186 milyar avroluk yatırım birikimi: Alman yatırımcılar altyapıya odaklanıyor, ancak iç pazara değil

Uçurum geniş: Altyapı, Alman kurumsal portföylerinde bir varlık sınıfı olarak hızla büyürken, bu sermayenin çok azı yerel altyapıya ulaşıyor. Alman Alternatif Yatırımlar Derneği'nin (BAI) 111 kurumsal yatırımcının katılımıyla hazırladığı ve toplam varlıkları 2,3 trilyon avroyu bulan güncel altyapı raporu da bunu gösteriyor.
Rakamlar her şeyi anlatıyor. Ankete katılan yatırımcılar arasında, yüzde 85'lik bir onay oranıyla altyapı öz sermayesi, gayrimenkulün hemen ardından ikinci en popüler alternatif varlık sınıfı oldu. Altyapı borçları daha da dinamik bir şekilde büyüyor: Yatırımcı oranının yüzde 49'dan yüzde 59'a çıkması bekleniyor. Ancak sermaye akışı ağırlıklı olarak yurtdışına doğru gerçekleşiyor.

Alman yatırımcıların beşte dördü paralarını ağırlıklı olarak yabancı altyapı projelerine yatırıyor. Uzmanların "ters ev önyargısı" adını verdiği ve Alman mülklerinin geleneksel olarak hakim olduğu gayrimenkul gibi diğer varlık sınıflarıyla keskin bir tezat oluşturan bir olgu.
BAI'de piyasa analisti ve çalışmanın yazarı Florian Bucher, "Alman altyapısı, bu varlık sınıfındaki patlamadan şimdiye kadar çok az faydalandı" diyor. Sebepleri ortada: Çok fazla bürokrasi, çok az yatırım yapılabilir proje, çok az getiri ve çok yüksek risk. Huk-Coburg Asset Management'tan Maximilian Cosack, portföyündeki Alman projelerinin payının bu nedenle yalnızca yüzde 15 olduğunu açıklıyor.
Enerji dönüşümü umut ışığıAncak yenilenebilir enerji konusunda bazı şeyler oluyor. 2024'te yeni rüzgar türbinleri için verilen izin sayısı yüzde 85 arttı. Yatırımcıların üçte biri Almanya'ya ayrılan payı artırmak istiyor. Alışveriş listesinin başında yenilenebilir enerji (yüzde 77,5) ve dijital altyapı (yüzde 71,2) yer alıyor.

Ancak rüzgar ve güneş santralleri kesinlikle alıcı buluyor ancak belediye altyapısı hala üvey evlat konumunda. KfW heyeti, yerel yönetimlerin 186 milyar avroluk yatırım birikimi olduğunu bildirdi. Özel yatırımcıların finansmanda neredeyse hiçbir rolü yok; onların payı sadece yüzde üç.
Özel fonlar kaldıraç olarak mı kullanılıyor?Yeni federal hükümet bunu değiştirmek istiyor. 100 milyarı eyaletlere ve belediyelere gidecek 500 milyar avroluk özel fonla güçlü bir mesaj veriyor. Uzmanlar bunu özel sermayeyi harekete geçirmek için bir fırsat olarak görüyorlar; örneğin hükümetin risk üstlenmesi veya ilk kayıp bileşenleri yoluyla. Bucher, "Alman belediyelerinin milyarlarca avroluk yatırım birikimini azaltmak için özel fondan gelen devlet sermayesinin özel sermayeyle birleştirilmesi gerekiyor" dedi.
LBBW Asset Management'tan Andre Pfleger, "Hükümet önlemleri risk ve getiri beklentileri arasındaki açığı kapatmaya yardımcı olabilir" diyor. Avrupa Yatırım Fonu gibi modeller bunun nasıl çalışabileceğini gösteriyor.
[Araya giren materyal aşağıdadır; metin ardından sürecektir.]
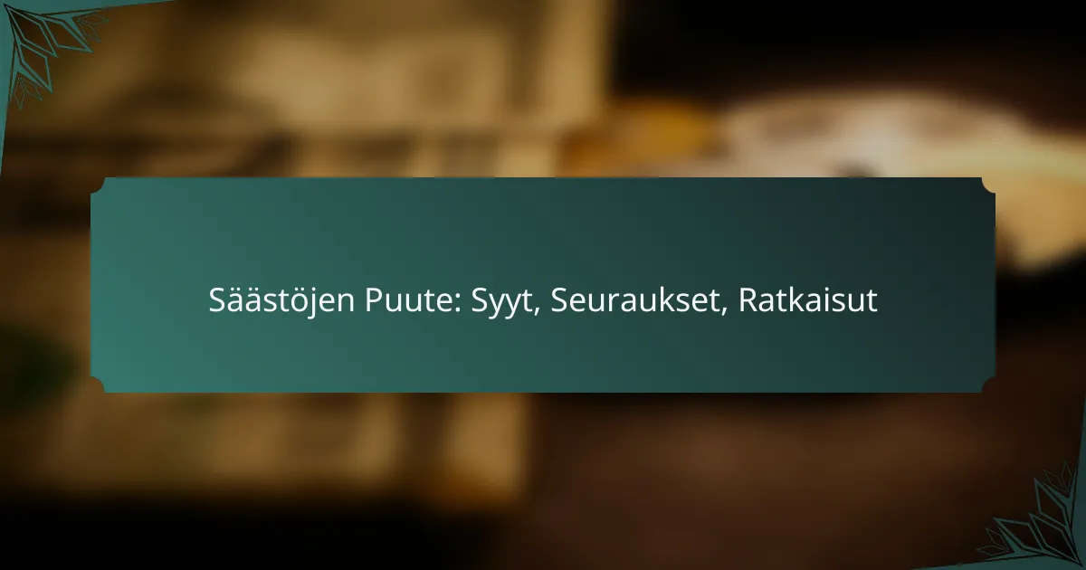 Säästöjen Puute: Syyt, Seuraukset, Ratkaisut

Tek tip standartlar eksikFransa bunun nasıl basitleştirilebileceğini gösteriyor. Burada standartlaştırılmış sözleşmeler, merkezileştirilmiş şartnameler ve paketlenmiş süreçler engelleri azaltıyor ve yatırımcıları çekiyor. Öte yandan Alman belediyeleri kendi çorbalarını pişiriyor; bu da yatırımcılar için yüksek işlem maliyetleri anlamına geliyor.
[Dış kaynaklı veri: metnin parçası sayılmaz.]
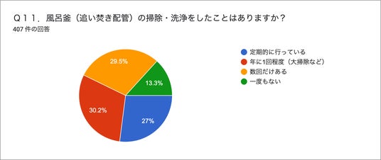 しかし一方で、風呂釜(追い焚き配管)まで掃除している人は少なく、「年に1回程度(大掃除など)」が30.2%、「一度もしたことがない」が13.3%と、見えない部分が後回しになっている実態が明らかになりました。

Yatırım yönetmeliğindeki yeni altyapı kotası bu konuda yardımcı olabilir . Yatırımcıların yarıdan fazlası, NRW modeline dayalı ülke çapında bir düzenleme olması durumunda daha fazla yatırım yapacaklarını belirtti. Rota belirlendi. Şimdi sıra federal, eyalet ve yerel yönetimlerde; net yapılar, şeffaf süreçler ve özel sermayeyi ortak olarak görme cesareti ile.